_MATERIAL FOR THIS EXERCISE_

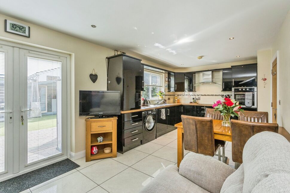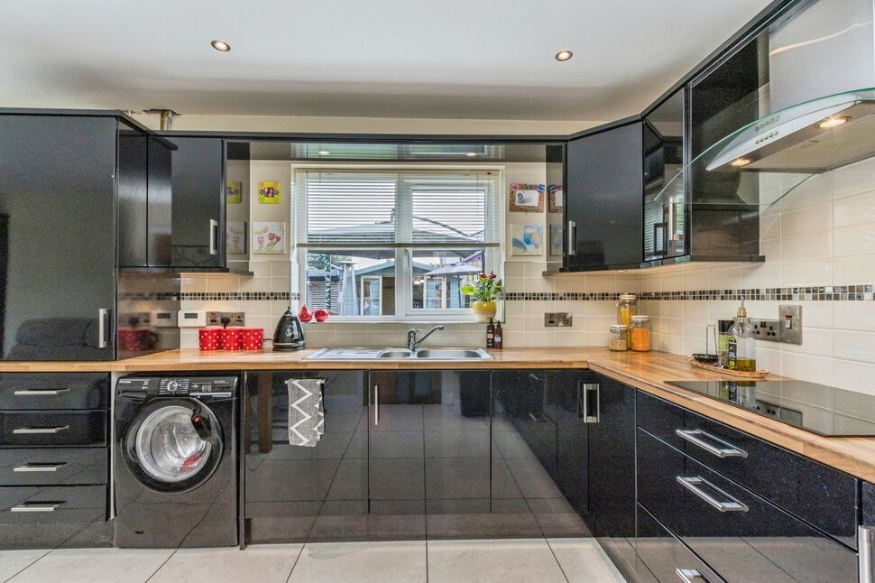 Luxury fitted range of high and low level units, laminate work tops, single drainer stainless teel sink unit, mixer tap, tiled flooring, built-in ceramic hob and electric oven, over head extractor fan, part tiled walls, gas boiler, French doors to rear, plumbed for washing machine
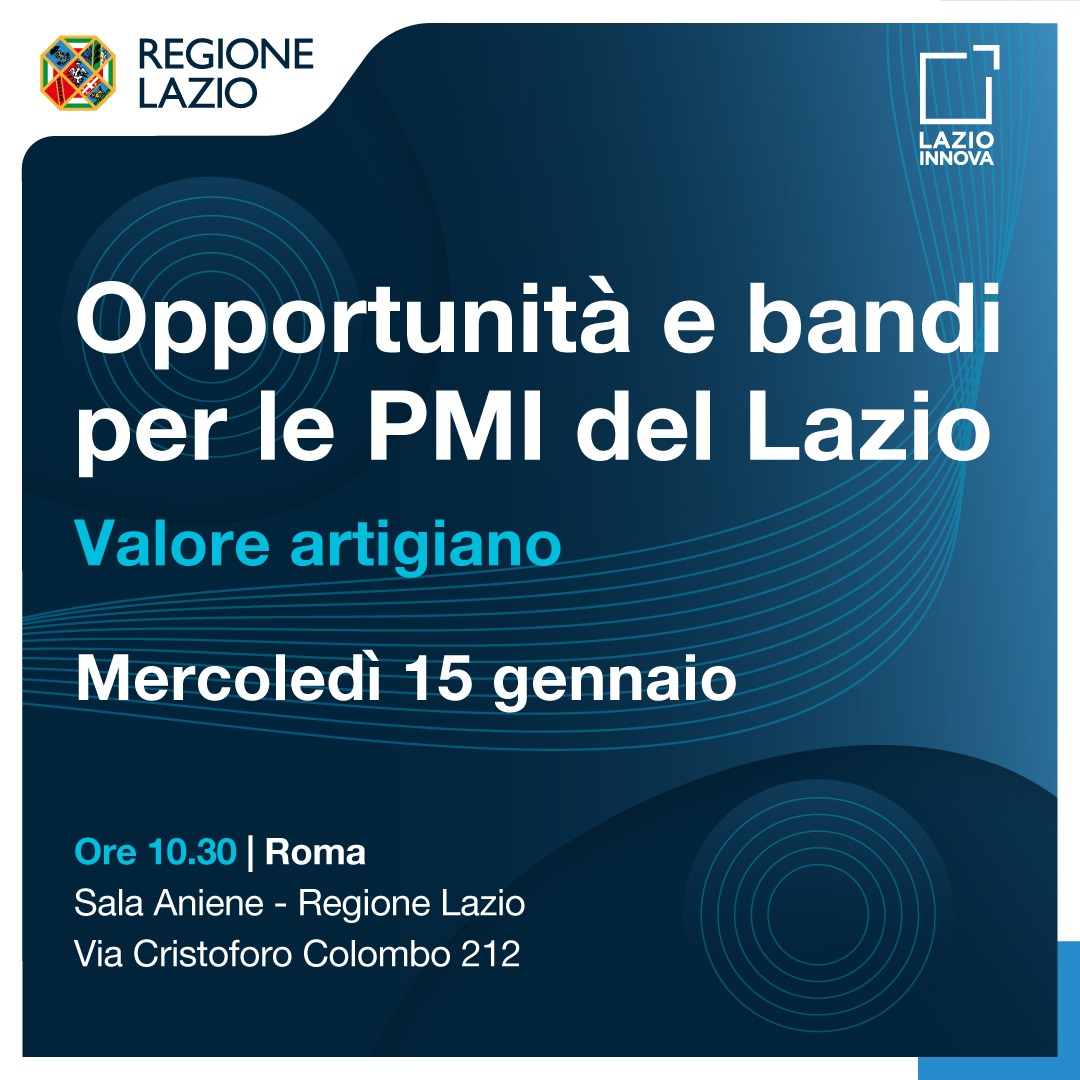 ROMA – Domani, mercoledì 15 gennaio, la Regione Lazio presenterà il Bando ”Valore Artigiano”, destinato alle imprese artigiane del territorio. L’appuntamento, si legge in una nota, è alle 10.30 a Roma, presso la sala Aniene della Regione Lazio (via Cristoforo Colombo 212).
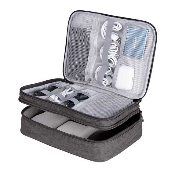 این کیف با طراحی شیک و کاربردی، امکان سازماندهی و نگهداری لوازم جانبی الکترونیکی را به شما میدهد. ساختار ضد آب، ضد ضربه و ضد خش آن از نایلون درجه یک برند LENTION تولید شده و کیفیت بالایی را ارائه میدهد. ابعاد این کیف 100×200×270 میلیمتر است و دارای دو لایه مجزا میباشد که برای قرار دادن پاوربانک، شارژر یا تلفن همراه بسیار مناسب است.
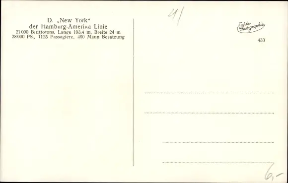 Ak Dampfschiff New York, HAPAG, Dampfer
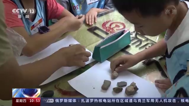 孩子们一边听故事、观赏美景,一边观察着沿途主要矿产矿石标本,记录着自己的行程。

_REQUIREMENT_
Please repeat the listing precisely, excluding the pictures it contains.

_RESPONSE AREA_
 Luxury fitted range of high and low level units, laminate work tops, single drainer stainless teel sink unit, mixer tap, tiled flooring, built-in ceramic hob and electric oven, over head extractor fan, part tiled walls, gas boiler, French doors to rear, plumbed for washing machine
 ROMA – Domani, mercoledì 15 gennaio, la Regione Lazio presenterà il Bando ”Valore Artigiano”, destinato alle imprese artigiane del territorio. L’appuntamento, si legge in una nota, è alle 10.30 a Roma, presso la sala Aniene della Regione Lazio (via Cristoforo Colombo 212).
 این کیف با طراحی شیک و کاربردی، امکان سازماندهی و نگهداری لوازم جانبی الکترونیکی را به شما میدهد. ساختار ضد آب، ضد ضربه و ضد خش آن از نایلون درجه یک برند LENTION تولید شده و کیفیت بالایی را ارائه میدهد. ابعاد این کیف 100×200×270 میلیمتر است و دارای دو لایه مجزا میباشد که برای قرار دادن پاوربانک، شارژر یا تلفن همراه بسیار مناسب است.
 Ak Dampfschiff New York, HAPAG, Dampfer
 孩子们一边听故事、观赏美景,一边观察着沿途主要矿产矿石标本,记录着自己的行程。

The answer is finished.